Катание длилось полчаса. Точнее, не катание, а сеанс выездки - Жукову доставляло удовольствие смирить нового, своенравного коня. Поднимая гнедого жеребца в галоп, он вспоминал себя в далеком 1915-м - тогда его школили и муштровали в 5-м запасном кавалерийском полку, в Харькове. Что у него было тогда впереди?.. В лучшем случае - офицерский чин, да и то небольшой, выше ротмистра никогда бы ему не пробиться… Служба в захолустном драгунском полку в провинции. Кто же знал, что считанные годы остаются до революции?.. И настанет такое время, когда такие, как он, Жуков, будут пользоваться особым почетом? Когда надо будет выполнять приказы любой ценой, давать результат, не оглядываясь по сторонам и не слушая вопли растоптанных. Он вспомнил, как фотографировали его в январе 1941-го, после назначения начальником Генерального штаба. Фотограф, неизвестно из каких соображений, наложил такую ретушь на брови, так их вздернул и изогнул, что выражение лица Жукова стало просто-таки свирепым. Вольно или невольно, но в этом снимке, в этих изломанных в приступе дикого гнева бровях, и проявилась суть его души. Он любил эту официальную фотографию. Воля, Власть, Война - три божества, которым Жуков давно уже отдал свою душу, отразились на той фотокарточке, как ни на какой другой…
Жуков скосил глаза на охранника, который скакал за ним на некотором расстоянии.
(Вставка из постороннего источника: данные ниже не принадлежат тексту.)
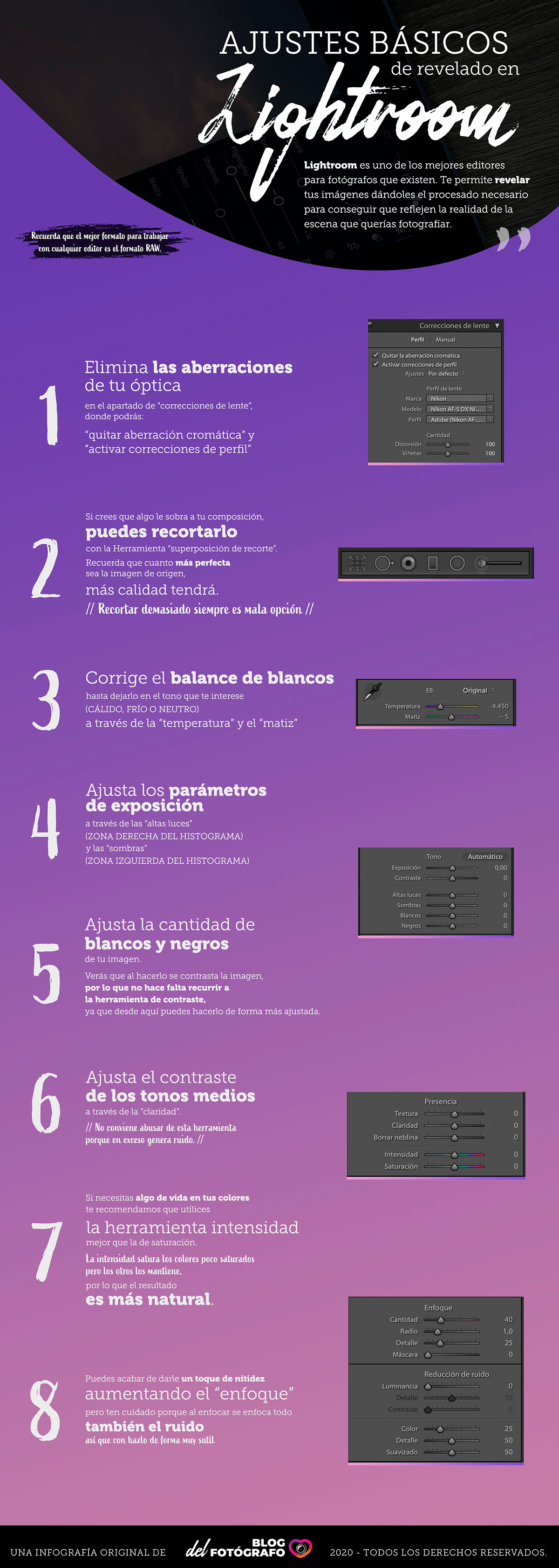 En esta infografía pretendo resumirte los ajustes básicos de revelado en Lightroom para que tus fotografías expresen lo que tú realmente quieres. Tú eres el autor de la foto y la cámara nunca sabrá mejor que tú qué es lo que deseas contar con tu imagen, o qué emociones pretendes desatar. Estos ajustes básicos te servirán para lograr imágenes de mayor impacto:
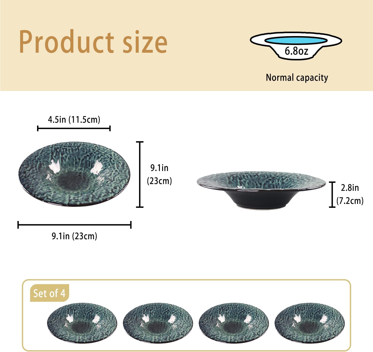 LIUYWYHCF Ceramic Pasta Bowls, 6.8 oz Pasta Plates, Reactive Glaze Pasta Bowl Set of 4, Large Wide Serving Bowls for Salad, Dessert, Fruit, Microwave & Dishwasher, Oven Safe DIMENSIONS - This deep pasta bowl is 1.8 inches deep and 8 inches in diameter, which can meet the needs of most families. The 6.8 oz/4-piece pasta bowl set is perfect for serving soup, nuts, salad, fruit, and noodles, making it a perfect gift for a housewarming party, wedding, Mother's Day, Father's Day, or Christmas. It is perfect for family dinners, food storage, breakfast oatmeal, restaurant service, parties, and more. ELEGANT AND STYLISH DESIGN - This Pasta Bowls leads the dining trend with its expressive colors and finishes. With its vibrant color palette and captivating finishes, it creates an alluring ambiance that exudes warmth. The eye-catching reactive glazes and rich, vivid hues not only soothe the senses but also elevate your dining experience. The generously-sized plates provide ample space for displaying your delectable creations, while their deep bottoms prevent any sauce from spilling over. LEAD FREE EAT SAFTY - Our Pasta bowls set is made of Ceramic material and features an all-natural glaze that is lead-free, cadmium-free. The set is fired at a high temperature of 2340℉ for 17 hours to ensure its durability and safety. With this dinnerware set, you'll never have to worry about any health problems. Withstands 500 F°, for Oven, Dishwasher and Microwave Safe. UNIQUE AND SCRATCH RESISTANT - Our ceramic bowls sets are fired with two different glazes,The reactive glaze make every plate is unique,Since our glaze is all-natural reactive finish, the surface of plates would change color on lighting,So Our glaze is also extra strong to prevent scratches from your knives and forks. Please note dark marks may occur silverware, which are not scratches,it is very easy to remove. ELEVATE EVERY MEAL - Perfectly blends affordability and modern design into our pasta bowl. Whether it's a comfortable family breakfast or a lively gathering with friends, our fashionable cutlery collection can enhance your dining experience in any occasion.

Кавалерист, мать его… И не охранник это никакой на самом деле, а стукач, соглядатай. Его дело - докладывать, как ведет себя Маршал Победы во время конной прогулки. Может быть, он уезжает по утрам в степь и там начинает распевать матерные частушки про членов Политбюро ЦК ВКП(б);Может, тайно едет к заутрене в деревенский храм. Может, вступает в контакт с представителем разведки все равно какой страны. Да и вообще, граница рядом, еще рванет куда-нибудь в Румынию… Румыния его, конечно же, выдаст, но все равно неприятно.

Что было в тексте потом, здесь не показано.